▶ [THE DATA]:
.....

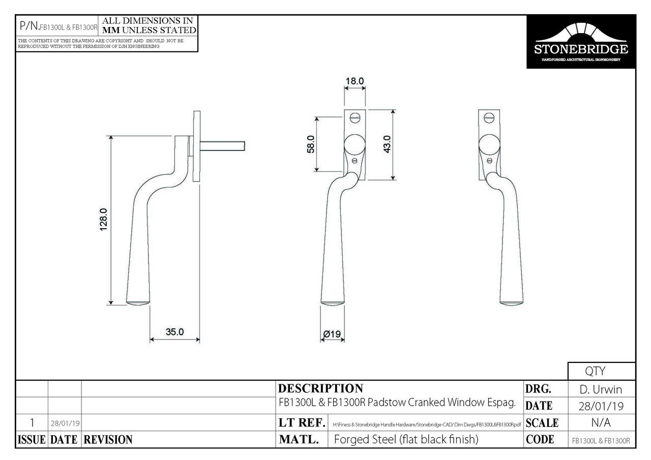 Padstow Cranked Espagnolette Window Handle Locking L/H Armor Coat Flat Black £31.90
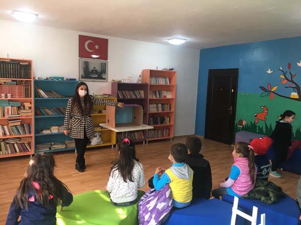 Kütüphane Sorumlusu ve Kütüphaneci Şeyma Özlem Sofu öğrenciler ile oyun oynayarak onlara kitap hediye etti.
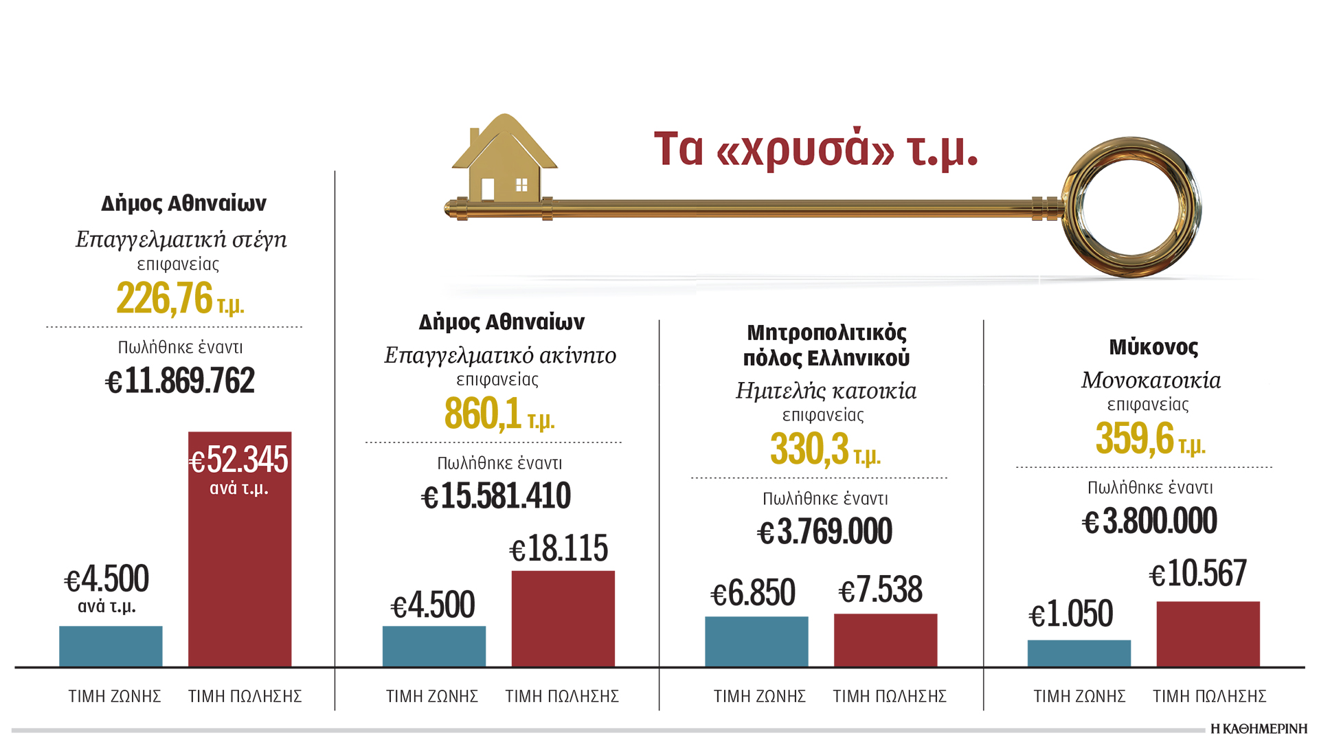 • Στη Μύκονο, μονοκατοικία 359,6 τ.μ. πωλήθηκε προς 3.800.000 ευρώ (Ιανουάριος 2025). Η τιμή ζώνης στην περιοχή ανέρχεται στα 1.050 το τ.μ. Η τιμή πώλησης έφθασε σε 10.567 ευρώ.

.....

▶ [EXERCISE AIM]: Please write out, exactly, every line from the line with "Kütüphane Sorumlusu ve" through the final line of the data above, leaving out pictures.

▶ [ANSWER BOX]:
 Kütüphane Sorumlusu ve Kütüphaneci Şeyma Özlem Sofu öğrenciler ile oyun oynayarak onlara kitap hediye etti.
 • Στη Μύκονο, μονοκατοικία 359,6 τ.μ. πωλήθηκε προς 3.800.000 ευρώ (Ιανουάριος 2025). Η τιμή ζώνης στην περιοχή ανέρχεται στα 1.050 το τ.μ. Η τιμή πώλησης έφθασε σε 10.567 ευρώ.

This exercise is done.